Какую-то рассеянность среди седоголовых отметил Борис, нечто вроде раскаянья и стыда... словно бы вдруг осознало притихшее воинство, собравшись вместе, как обокрало оно себя в безвозвратной юности, изгнав из своего обихода подвенечный белый цвет. По убеждению его отвергнув. Отвергнув, но все-таки не полностью, не дотла искоренив, все-таки храня, как Миша Клюев, в тех тайниках души, где остается место неподсудному... Кажется, ни одно другое поколение не тянулось так к чистоте, не исповедовало ее с таким жаром и страстью, как поколение сверстников революции.
Это горестное прозрение — из тех, что приходят на людях в общении, обостряющем память, хотя в толчее праздничных площадей и скверов, в жаре и давке торжественных процессий чувства не рвались наружу. На Сапун-горе, куда Силаева увлекло-таки утром, он вместо угора, некогда пустынной высотки, увидел молодой, расчлененный аллеями парк, какие высаживают на субботниках в городах-новостройках.
Побеленные стволы вдоль просек, залитых асфальтом, миндаль, серебристый лох, японская софора... шарканье тысяч ног по слабеющему от жары гудрону — к белому обелиску, отовсюду видному: гробы отечески разметаны в округе, Сапун-гора — место народного им поклонения.
Как и других, его вела к обелиску память по товарищам, сложившим головы на этой земле.
Комлев, Конон-Рыжий, Гузора, Тертышный. Не только фамилий — гранит не сохранил и номера полка, с которым он через Миус, через Молочную, через Сиваш пробивался к Севастополю: в предпоследней строке перечислений воинских соединений, освобождавших город, уместился лишь номер их дивизии.
Авиационной дивизии трехполкового состава. Долго стоял он, опечаленный, на открывшейся в новом своем значении Сапун-горе, напомнившей, какое множество народа полегло здесь тридцать лет назад...
На возвышении эстрады, блистая инструментом, которого больше, чем исполнителей, и модными рубашками под куртками с вырезом, приготовляется молодежный джаз из городских любителей, в основном — студентов. Ребята, польщенные приглашением в "Волну" на такой вечер, держатся с достоинством. Микрофон продувает, подгоняет по росту паренек, постриженный коротко и элегантно. Петь будет он. Солистки — нет.

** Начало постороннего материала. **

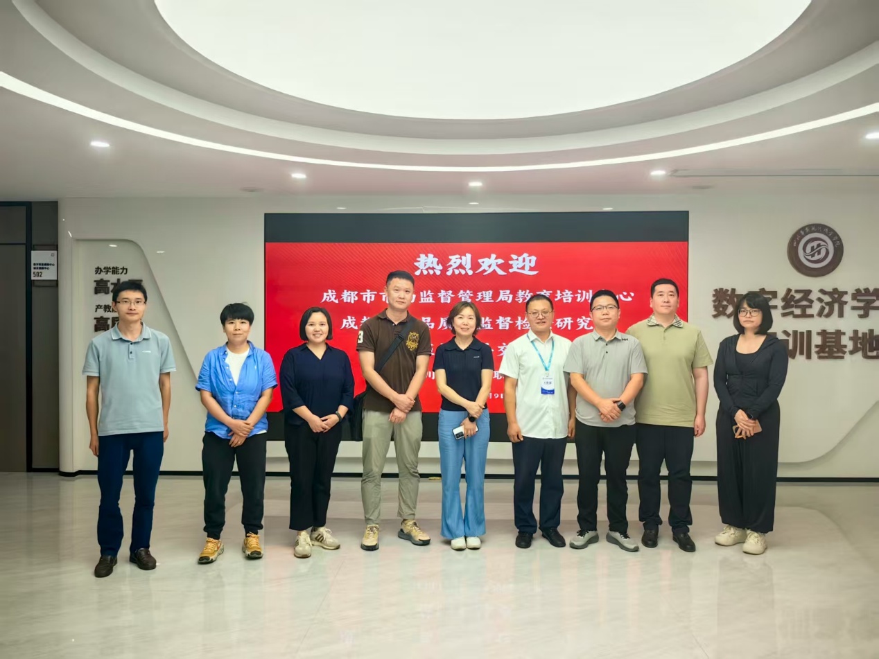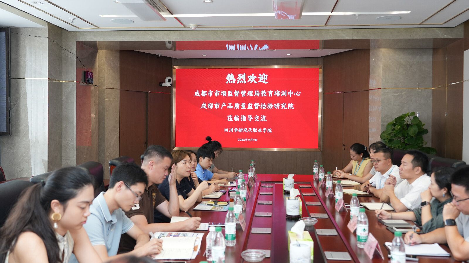 2025年9月9日,成都市市场监督管理局教育培训中心、成都市产品质量监督检验研究院一行莅临四川华新现代职业学院,开展交流活动并实地调研数字经济学院实训中心。此次访问旨在进一步推动校地协同发展,深化直播电商行业人才培养与标准建设,共同助力区域数字经济健康、规范、创新发展。

Желательней было бы видеть солистку. Ибо памятны певицы, которые не столько словами, сколько даром исполнения, таланта подводили к тому, о чем не умели с таким проникновением сказать ригористам любимые песни, настольные книги. Сила пробудившегося сердца, власть, которую оно обретает в стремлении быть услышанным, понятным, — вот что обнажили их песни. Три женщины на поколение: Клавдия Шульженко, Изабелла Юрьева, Лидия Русланова. И сумели они немало.
Великие женщины.
Нет солистки. Будут слушать паренька.
— Что же Фищенко Федя не явился?
— Жен меняет. Говорят, третью взял, и от нее бегает.
— Я бы кастрировал мужиков, которые наделают ребятишек, а потом их же и бросают.
— Поль, семья?
— Ну.
— С Люськой?
— Помнишь ее? Нет. С Люсей я не живу. От нее у меня дочь Вика. Семью создал с Верой. Живем хорошо. Семнадцать лет. А Вике летом будет двадцать три. Развалюха сгнила, горсовет предоставил отдельное жилье. Мы довольны.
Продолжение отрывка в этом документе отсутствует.